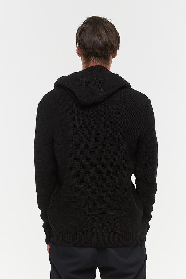 Мужской джемпер от BE YOU выполнен в классическом чёрном цвете. Модель имеет капюшон и застёжку на пуговицы в верхней части. Передняя часть джемпера украшена рельефным узором в виде ромбов, придающим изделию объём и текстуру.
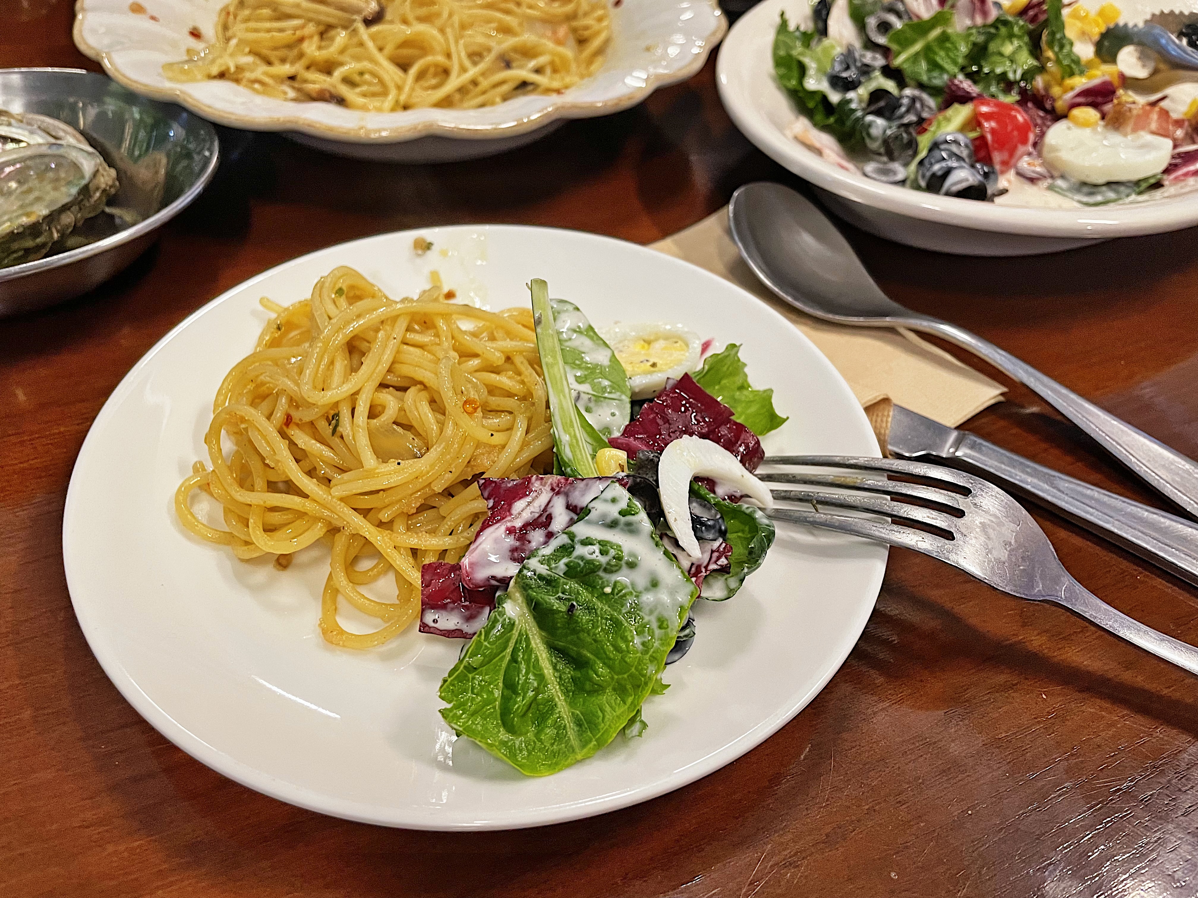 개인접시에 덜어서 전복명란파스타와 콥샐러드 함께 먹으니 JMT!
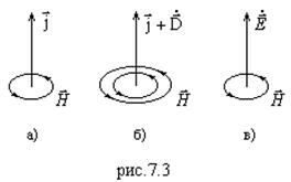 Физическое содержание уравнения (7.5) иллюстрирует рис.7.3. Рис.7.3, а – случай когда имеется лишь ток проводимости, который определяет магнитное поле. Рис.7.3, б изображает общий случай, когда ток проводимости и ток смещения вместе создают магнитное поле. Рис.7.3, в -случай, когда не существует тока проводимости (вакуум), а магнитное поле создается изменением электрического поля.
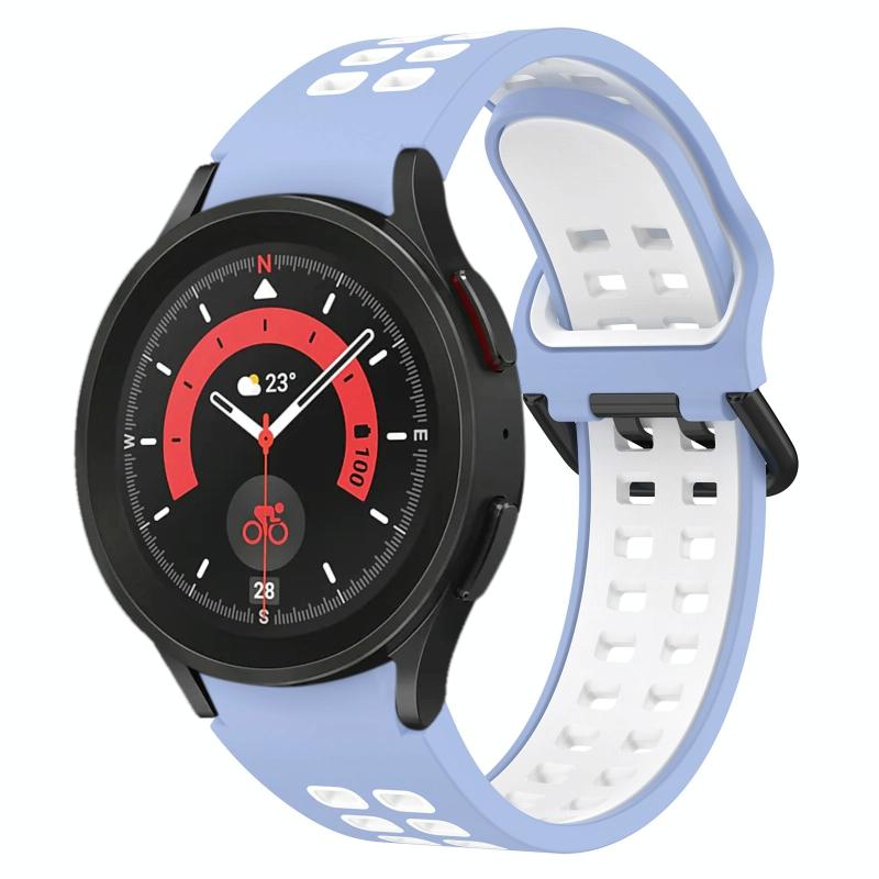 Για Samsung Galaxy Watch 5 Pro 45mm Δίχρωμο Αναπνεύσιμο Λουράκι Σιλικόνης (Ανοιχτό Μπλε + Λευκό)

=-=-=

[Task directions] Retyping is limited to the line with "Физическое содержание уравнения" and the lines after it in the material above; give them exactly and leave out the pictures.

[Response to this task]
 Физическое содержание уравнения (7.5) иллюстрирует рис.7.3. Рис.7.3, а – случай когда имеется лишь ток проводимости, который определяет магнитное поле. Рис.7.3, б изображает общий случай, когда ток проводимости и ток смещения вместе создают магнитное поле. Рис.7.3, в -случай, когда не существует тока проводимости (вакуум), а магнитное поле создается изменением электрического поля.
 Για Samsung Galaxy Watch 5 Pro 45mm Δίχρωμο Αναπνεύσιμο Λουράκι Σιλικόνης (Ανοιχτό Μπλε + Λευκό)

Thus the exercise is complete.